Exercise:
The records below need to be repeated exactly, with every picture left out.

Records excerpted from a collection:
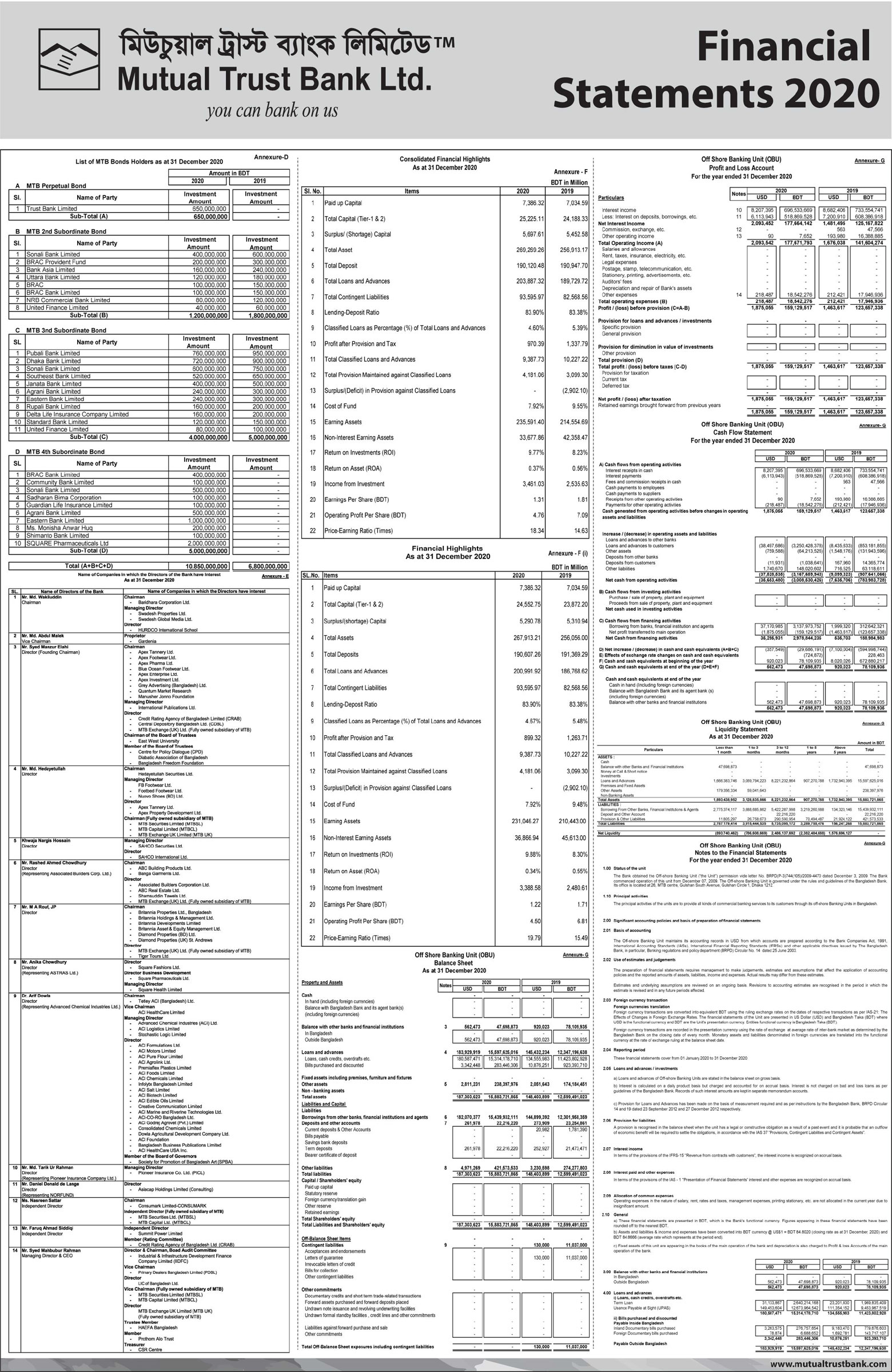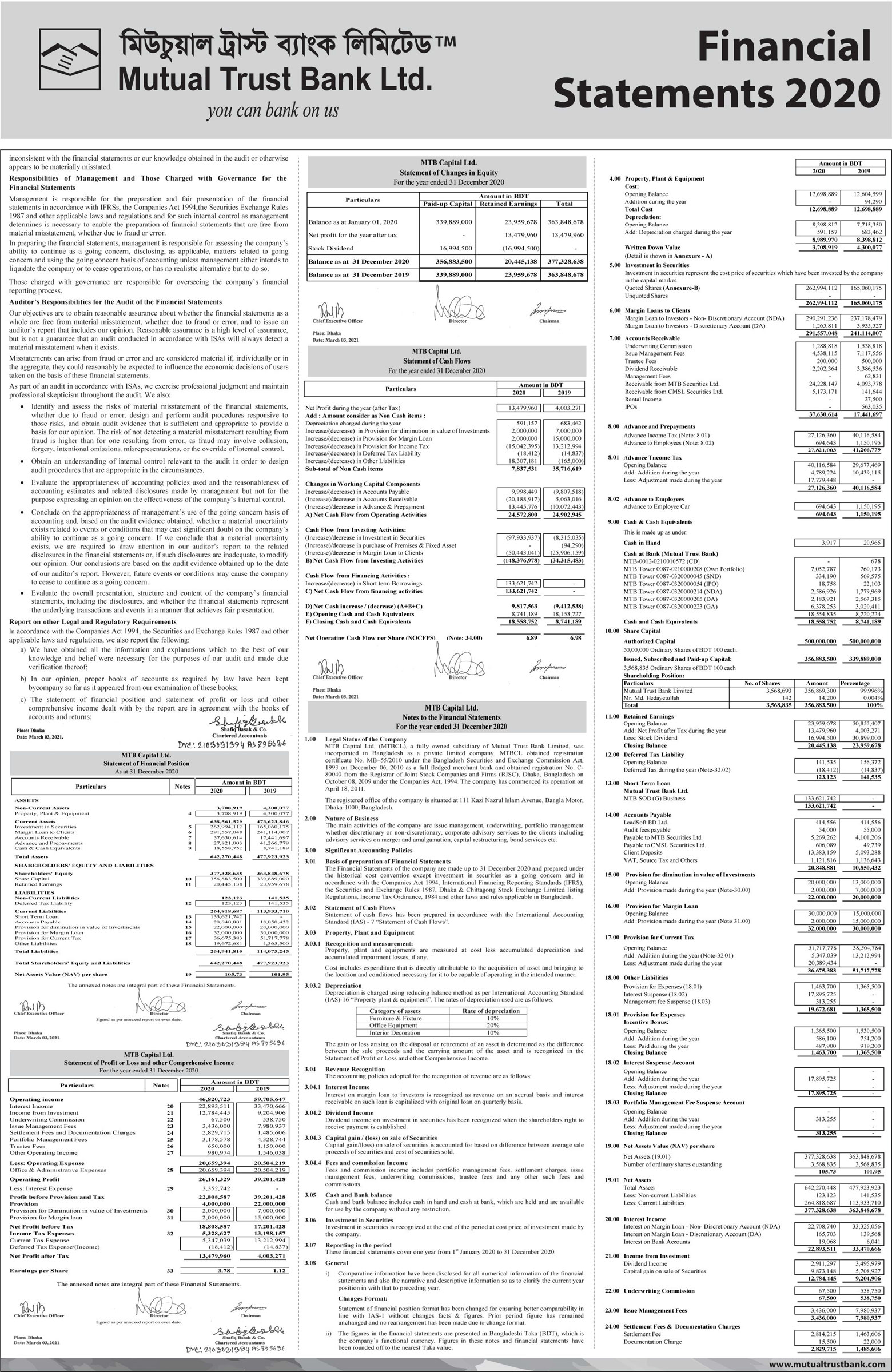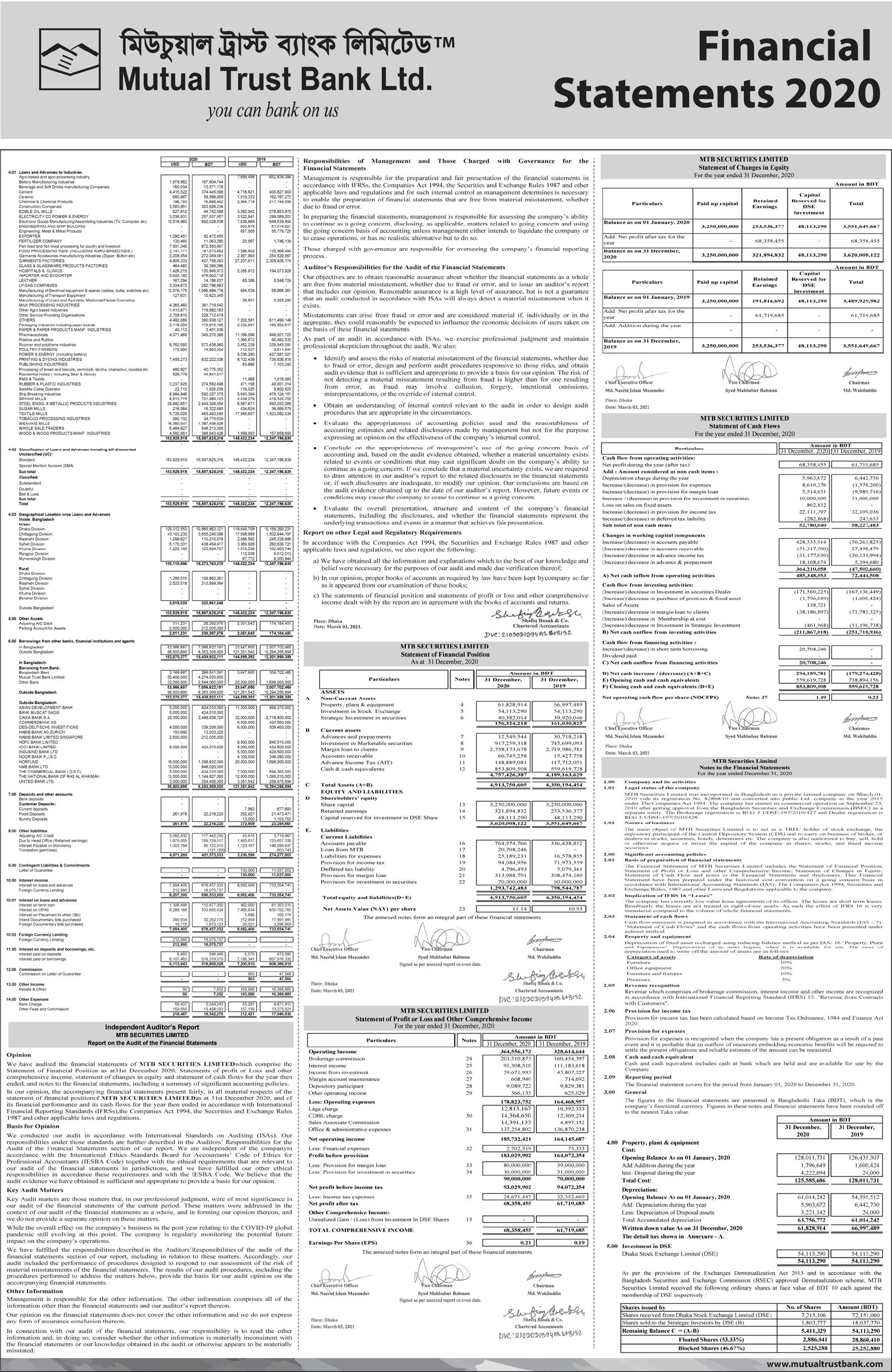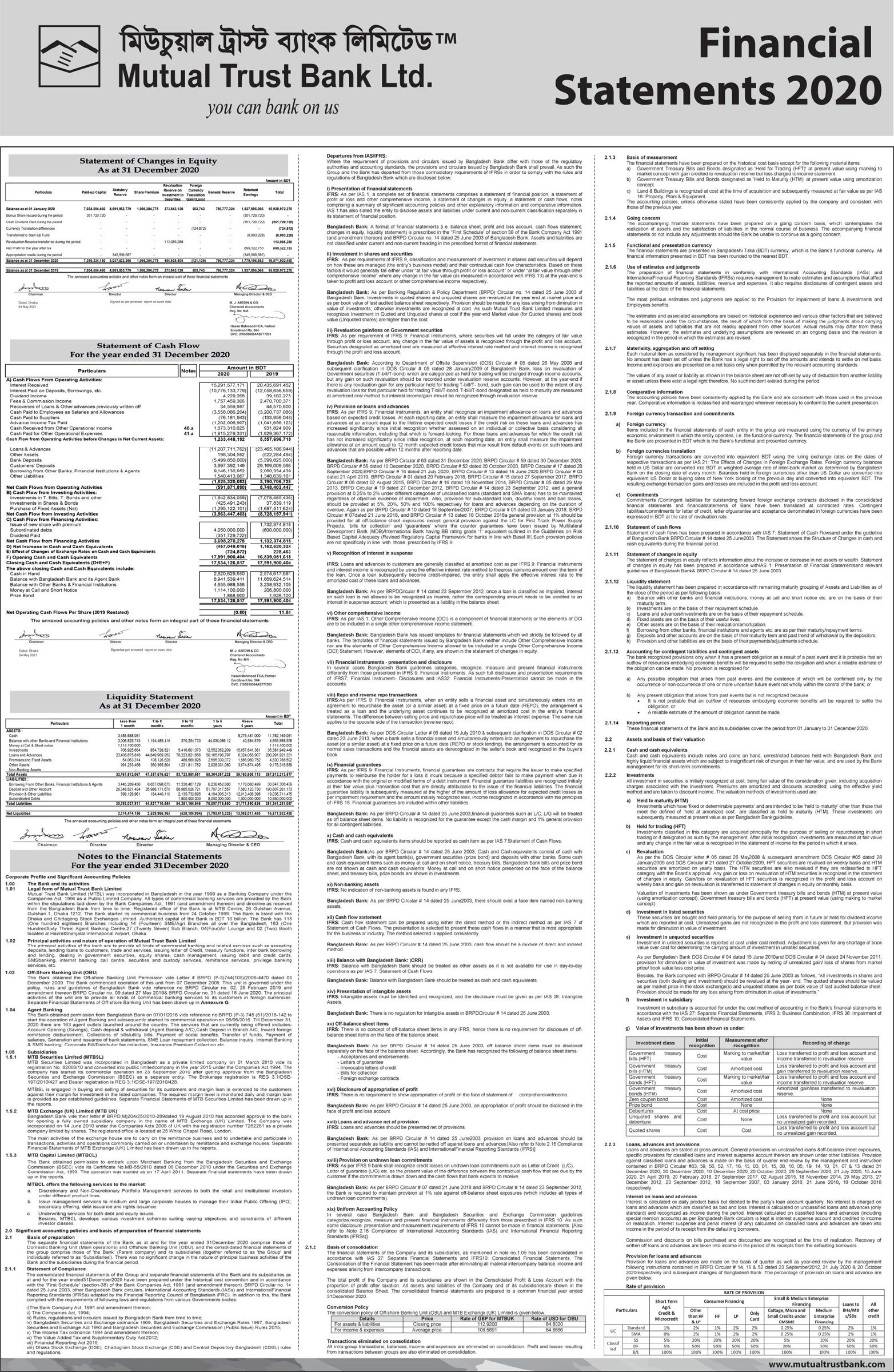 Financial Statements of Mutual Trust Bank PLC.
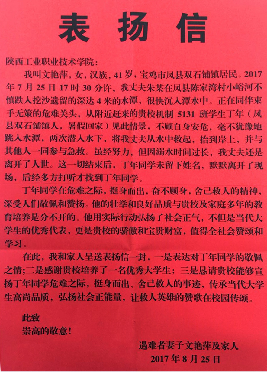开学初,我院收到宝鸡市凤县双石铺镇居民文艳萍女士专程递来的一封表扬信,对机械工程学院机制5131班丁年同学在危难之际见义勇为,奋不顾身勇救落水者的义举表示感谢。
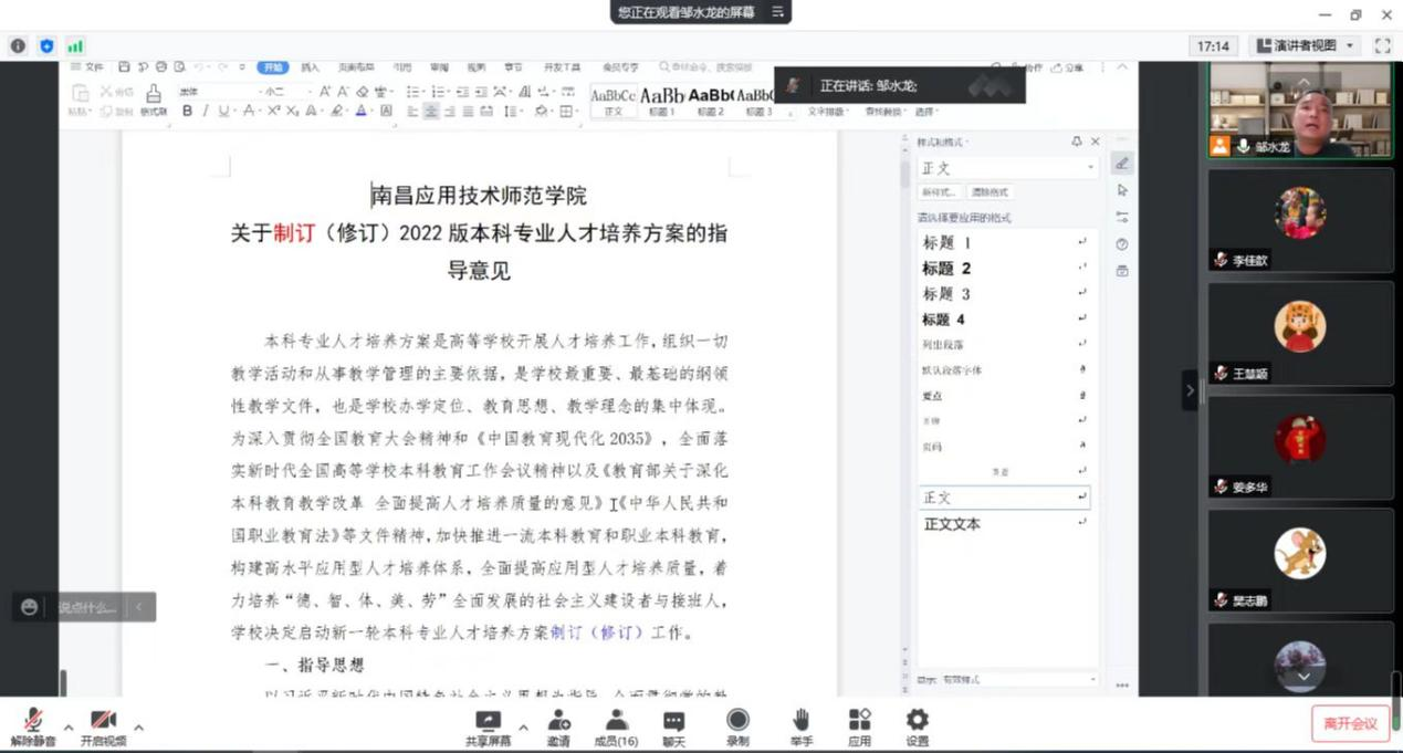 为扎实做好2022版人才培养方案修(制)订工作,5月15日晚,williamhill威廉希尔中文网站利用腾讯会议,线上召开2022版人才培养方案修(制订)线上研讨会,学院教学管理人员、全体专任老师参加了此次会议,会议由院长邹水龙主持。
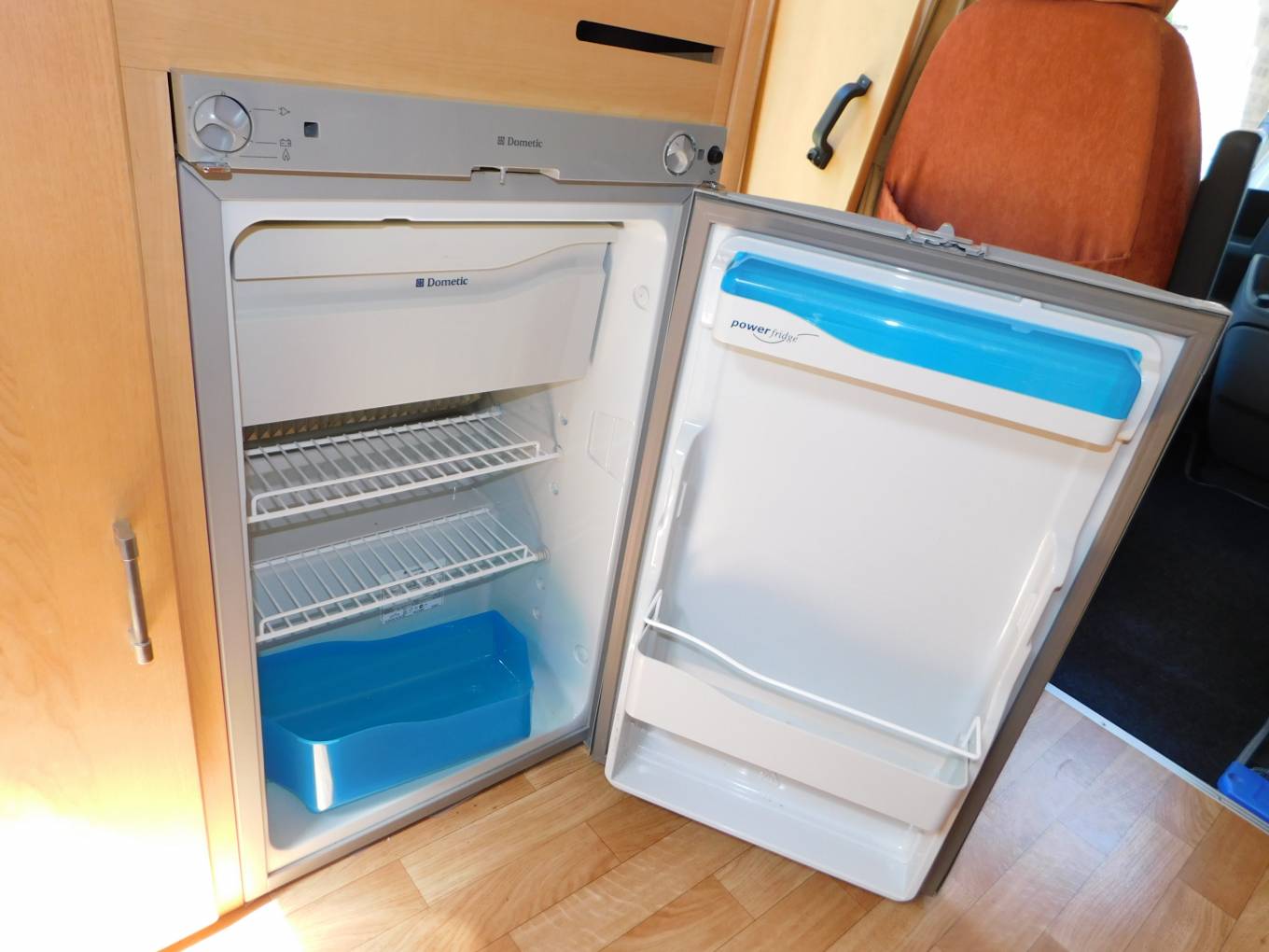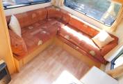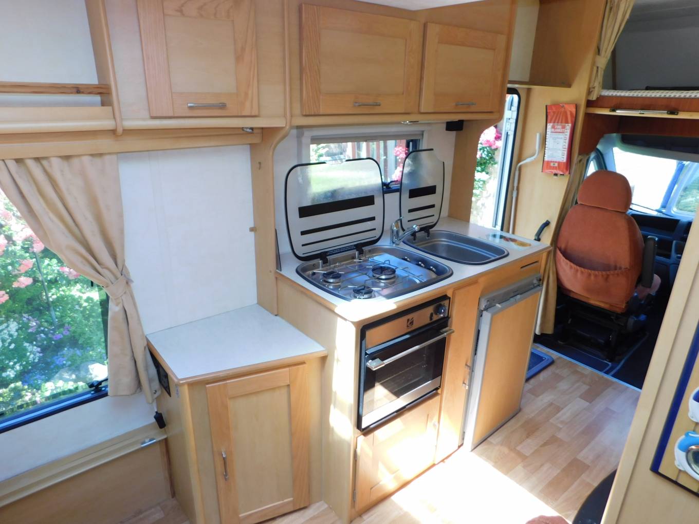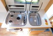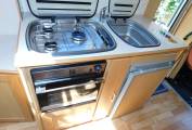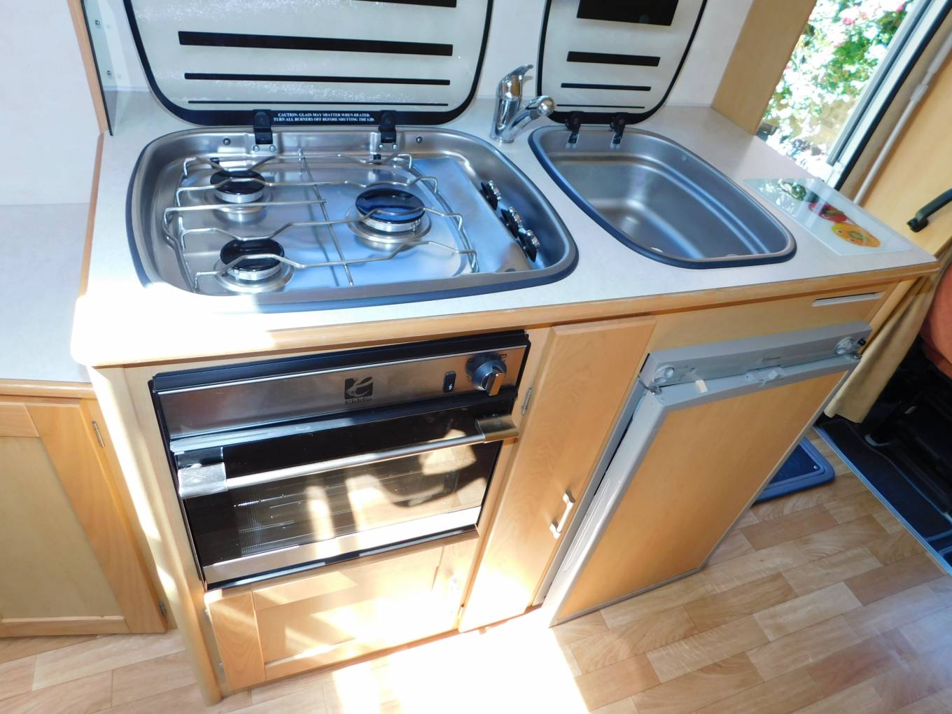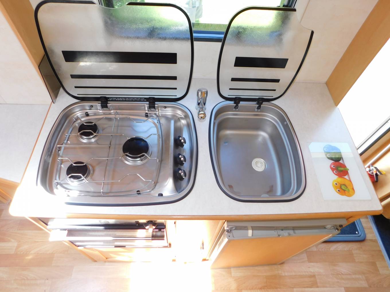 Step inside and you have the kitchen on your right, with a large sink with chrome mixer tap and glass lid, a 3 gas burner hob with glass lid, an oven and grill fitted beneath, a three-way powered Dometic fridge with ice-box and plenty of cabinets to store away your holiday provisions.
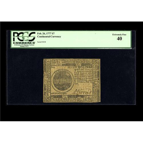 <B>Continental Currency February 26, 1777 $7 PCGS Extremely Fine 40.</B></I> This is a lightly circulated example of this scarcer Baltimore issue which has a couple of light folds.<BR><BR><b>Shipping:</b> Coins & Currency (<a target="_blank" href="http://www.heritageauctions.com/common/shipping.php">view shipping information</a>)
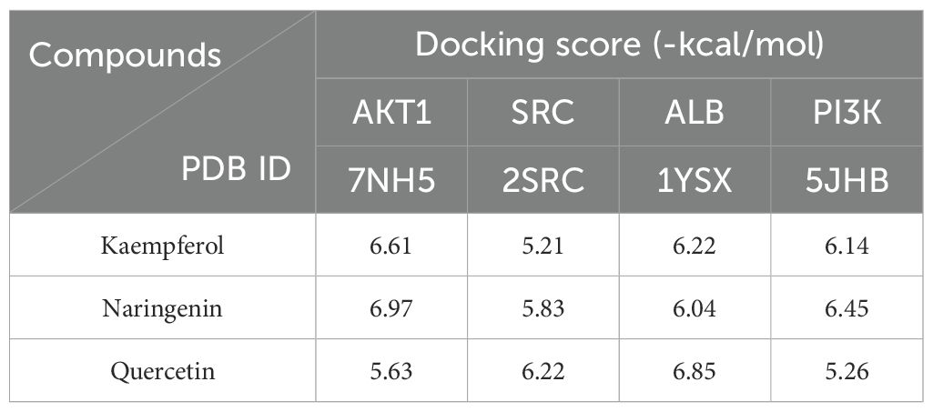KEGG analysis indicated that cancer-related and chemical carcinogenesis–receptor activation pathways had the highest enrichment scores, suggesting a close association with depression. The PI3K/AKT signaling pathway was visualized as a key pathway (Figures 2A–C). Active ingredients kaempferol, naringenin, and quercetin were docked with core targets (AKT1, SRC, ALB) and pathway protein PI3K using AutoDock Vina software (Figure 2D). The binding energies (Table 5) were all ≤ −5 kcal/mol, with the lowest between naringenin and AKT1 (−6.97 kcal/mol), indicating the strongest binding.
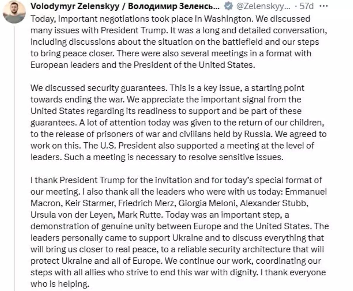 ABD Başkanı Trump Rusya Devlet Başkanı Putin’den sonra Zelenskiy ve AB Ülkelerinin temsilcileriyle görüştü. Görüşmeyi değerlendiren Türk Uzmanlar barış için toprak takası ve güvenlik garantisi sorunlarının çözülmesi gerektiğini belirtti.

Exercise result:
 Financial Statements of Mutual Trust Bank PLC.
开学初,我院收到宝鸡市凤县双石铺镇居民文艳萍女士专程递来的一封表扬信,对机械工程学院机制5131班丁年同学在危难之际见义勇为,奋不顾身勇救落水者的义举表示感谢。
 为扎实做好2022版人才培养方案修(制)订工作,5月15日晚,williamhill威廉希尔中文网站利用腾讯会议,线上召开2022版人才培养方案修(制订)线上研讨会,学院教学管理人员、全体专任老师参加了此次会议,会议由院长邹水龙主持。
 Step inside and you have the kitchen on your right, with a large sink with chrome mixer tap and glass lid, a 3 gas burner hob with glass lid, an oven and grill fitted beneath, a three-way powered Dometic fridge with ice-box and plenty of cabinets to store away your holiday provisions.
 <B>Continental Currency February 26, 1777 $7 PCGS Extremely Fine 40.</B></I> This is a lightly circulated example of this scarcer Baltimore issue which has a couple of light folds.<BR><BR><b>Shipping:</b> Coins & Currency (<a target="_blank" href="http://www.heritageauctions.com/common/shipping.php">view shipping information</a>)
KEGG analysis indicated that cancer-related and chemical carcinogenesis–receptor activation pathways had the highest enrichment scores, suggesting a close association with depression. The PI3K/AKT signaling pathway was visualized as a key pathway (Figures 2A–C). Active ingredients kaempferol, naringenin, and quercetin were docked with core targets (AKT1, SRC, ALB) and pathway protein PI3K using AutoDock Vina software (Figure 2D). The binding energies (Table 5) were all ≤ −5 kcal/mol, with the lowest between naringenin and AKT1 (−6.97 kcal/mol), indicating the strongest binding.
 ABD Başkanı Trump Rusya Devlet Başkanı Putin’den sonra Zelenskiy ve AB Ülkelerinin temsilcileriyle görüştü. Görüşmeyi değerlendiren Türk Uzmanlar barış için toprak takası ve güvenlik garantisi sorunlarının çözülmesi gerektiğini belirtti.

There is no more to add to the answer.